Zespół Tito Vilanovy wkroczył w tę część sezonu z licznymi ograniczeniami spowodowanymi kontuzjami i zmęczeniem fizycznym. Także długi sezon, który rozpoczął się już w sierpniu Superpucharem Hiszpanii, nie sprzyja piłkarzom.
Na formę psychiczną zawodników z pewnością wpłynęły też choroby Tito i Érica Abidala, a w ostatnim czasie niespodziewana kontuzja najlepszego zawodnika – Lionela Messiego.
Po wczorajszym spotkaniu Barça musiała przyjąć gorycz porażki i uznać wyższość Bayernu. Niesprzyjająca atmosfera w samolocie Barcelony była bardzo widoczna. Zwłaszcza, że na pokładzie zabrakło Gerarda Piqué i doktora Ricarda Pruny, co było spowodowane kontrolą antydopingową. To jeszcze bardziej pogrążyło zawodników w smutku.
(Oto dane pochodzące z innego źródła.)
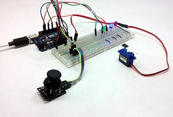 En este laboratorio realizaremos el control de un servomotor (SG90) con un joystick (KY-023). Durante el proceso de transmisión de ángulo se establecerán rangos de derecha (verde), neutro (azul) e izquierda (rojo) que se verán reflejados con los leds en el circuito.

Wszyscy zawodnicy wchodzący na pokład mieli przygaszone miny, a zwłaszcza Leo Messi i Marca Bartra, którzy powoli wchodząc po schodach dali sygnał, że są załamani faktem wystąpienia w rewanżu. Na takie gesty nie potrzeba już słów.
Dyrektor sportowy Andoni Zubizarreta będzie miał, więc wiele do omówienia w najbliższym tygodniu. Zawodnicy zaś muszą jak najszybciej się pozbierać i stanąć do walki z Bilbao w meczu ligowym.
Później przyjdzie czas na dokonanie głębszej analizy obecnej sytuacji Barcelony i omówienia tego, co powinno być zrobione w przyszłości. Nikt więc nie powinien mówić o „końcu pewnej ery „, ale o „transformacji „.